At the age of 22, he was conscripted into the Austro-Hungarian Army, and served from 1914 at almost every front of the First World War, including at the Battle of Kraśnik and the Battles of the Isonzo. He was awarded the Silver and Iron Cross of Merit, and in 1917 he was awarded the Bronze Bravery Medal, Karl Troop Cross and reached the rank of Sergeant.

After World War I and the Treaty of Trianon, Francesco Illy stayed in Trieste with his sister Amalie, known as Milly, who was married to the wealthy Leopoldo de Puxbaum and had two daughters. While there, he met Vittoria Prandina, later known as Berger (taking her biological father Vittorio’s surname), a piano teacher of his nieces. Vittoria, of German-Irish heritage, later became his wife, and together they had two children: Ernesto and Hedda.

In Trieste, Illy worked for companies involved in cocoa and coffee roasting. In 1920, he briefly moved to Milan, where he co-founded the Emax coffee roasting company in partnership with Cristoforo Cagnus. Returning to Trieste, he continued his work in coffee and began developing innovative methods to preserve its freshness. He invented and patented a vacuum-sealing system that preserved the aroma of freshly roasted coffee. His technique involved replacing oxygen in the packaging with nitrogen under pressure, preventing oxidation and allowing coffee to retain its full flavor over time. This method of pressurization is considered a major breakthrough in coffee preservation and is still in use today.
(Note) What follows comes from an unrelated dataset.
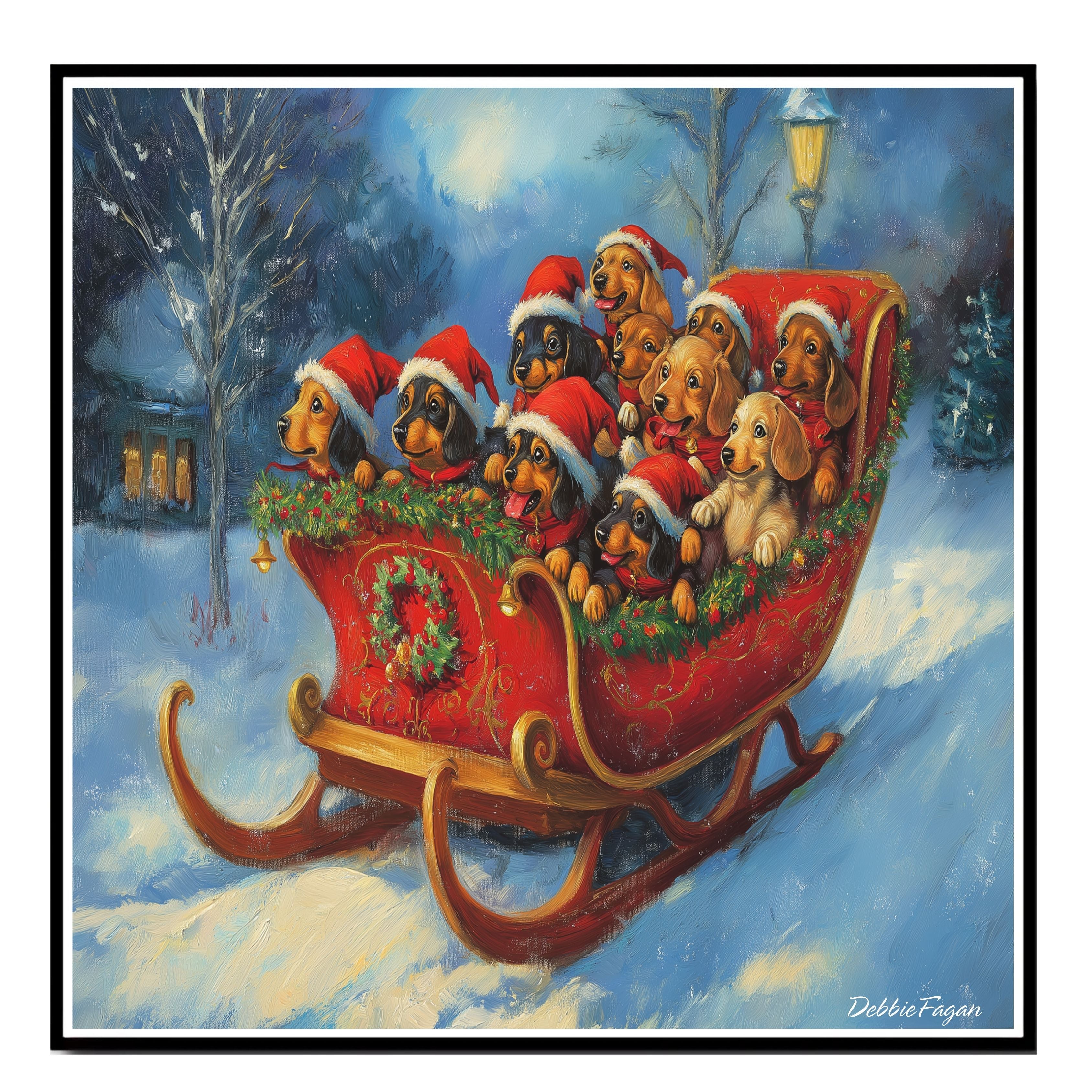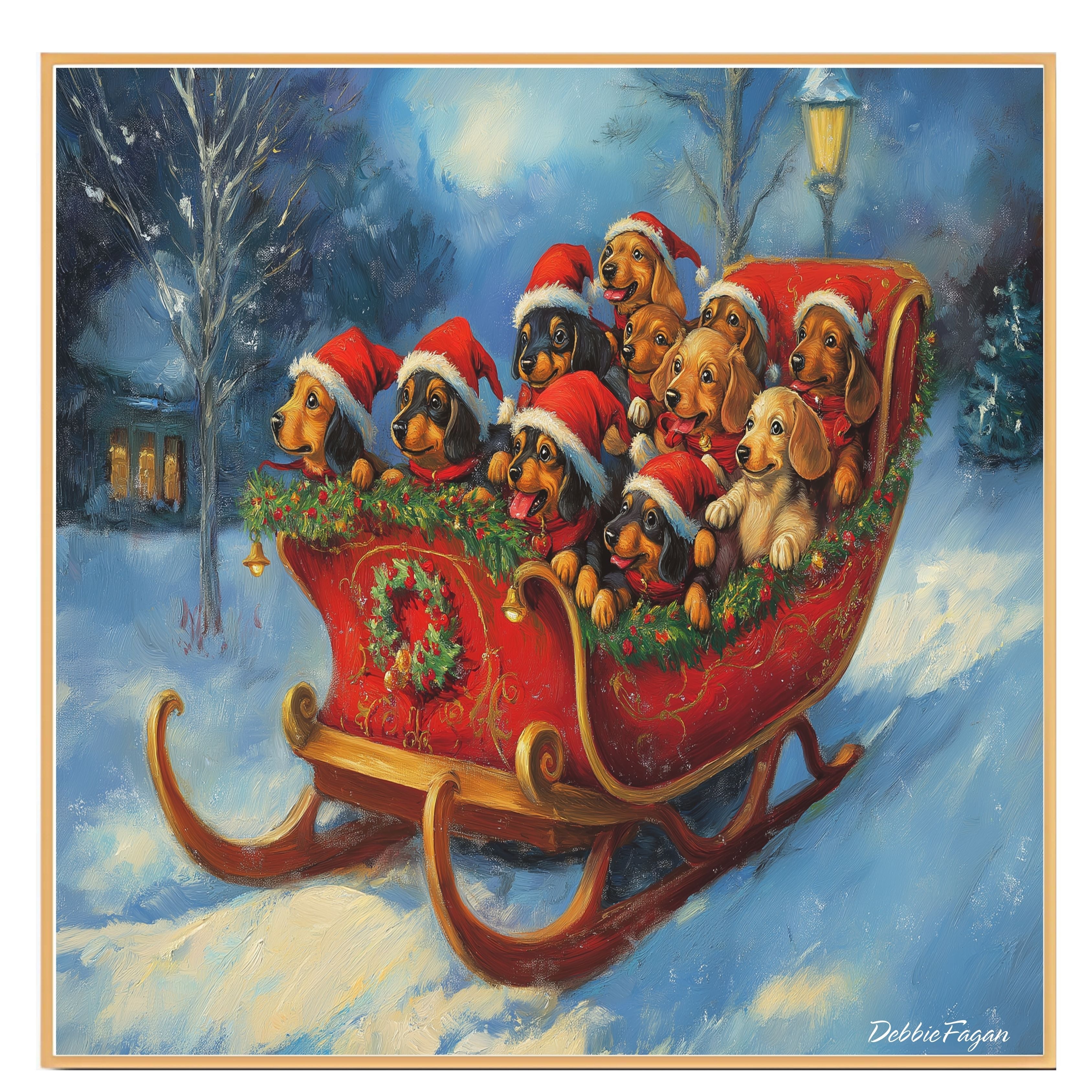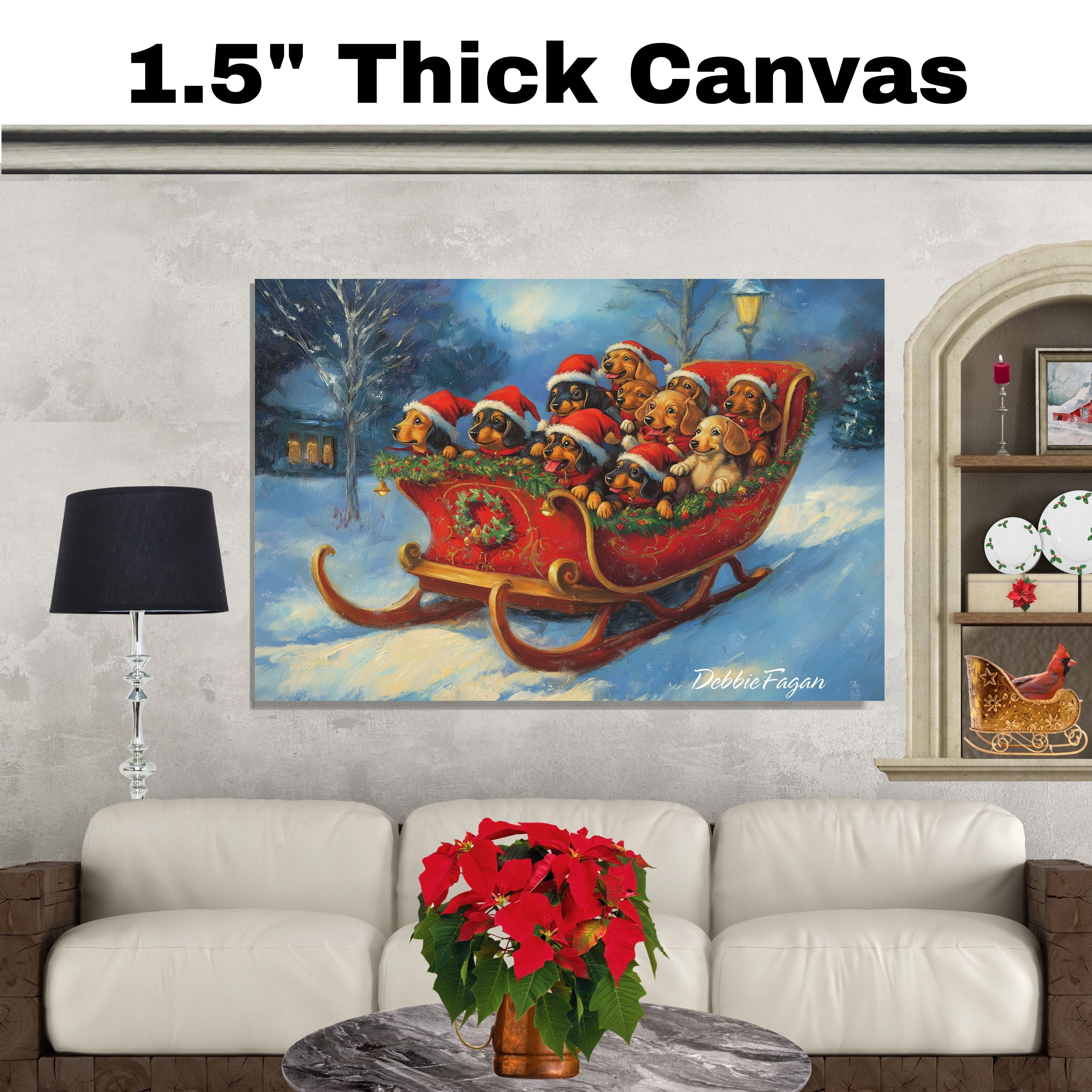 Dachshund Puppies in Santa Hats Sleighing Adventure Painting Our Doxie Christmas Canvas adds a touch of holiday...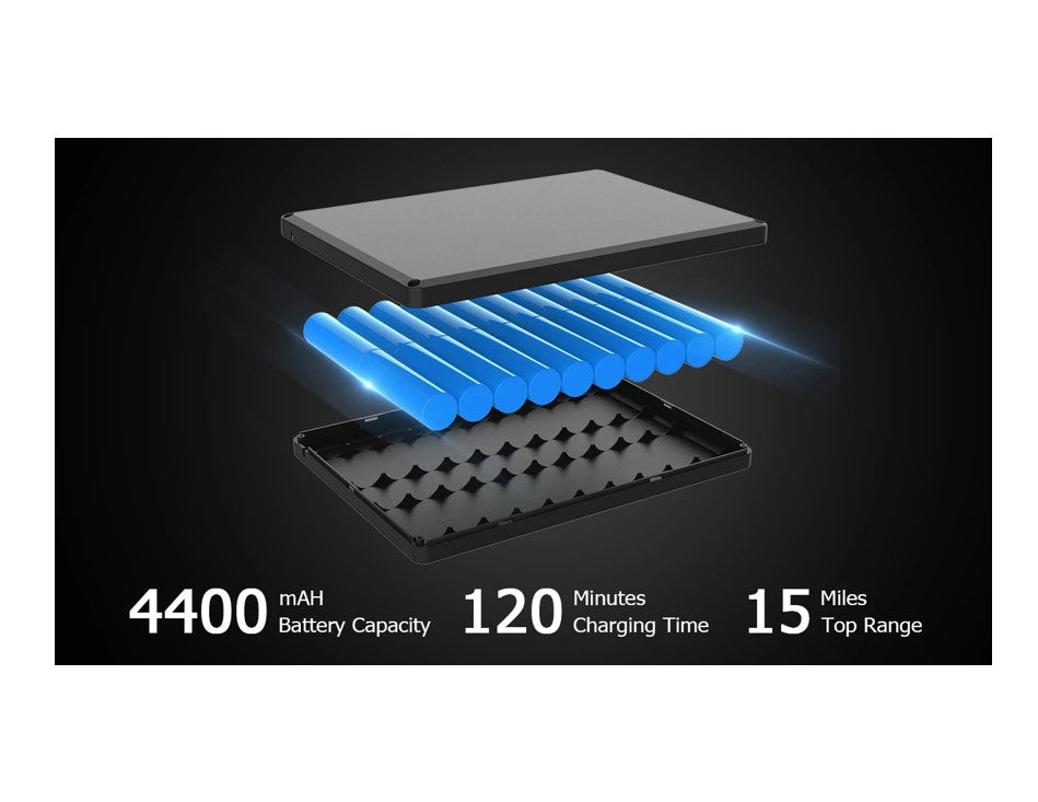 With 158.4Wh custom BMS Samsung lithium-ion battery, whose capacity up to 4.4Ah and maximum riding distance up to 15 miles, Max2 PRO has incredible durability and range.

In 1933 Francesco Illy together with Roberto Hausbrandt as an equal partner, founded the illycaffè under the name Illy & Hausbrandt Coffee and Chocolate Industry. Later, in 1935, Illy invented and patented the Illetta, the world's first automatic espresso machine to replace steam with pressurized water. This invention is considered the foundation of the modern espresso machine. In 1939, Illy, Hausbrandt, and Carlo Seitz established a Swiss branch of the company in Thalwil, expanding its international presence.

His son, Ernesto Illy (1925–2008), later took over the leadership of the company. Today, Illycaffè remains a family-owned business, managed by the third generation of the Illy family.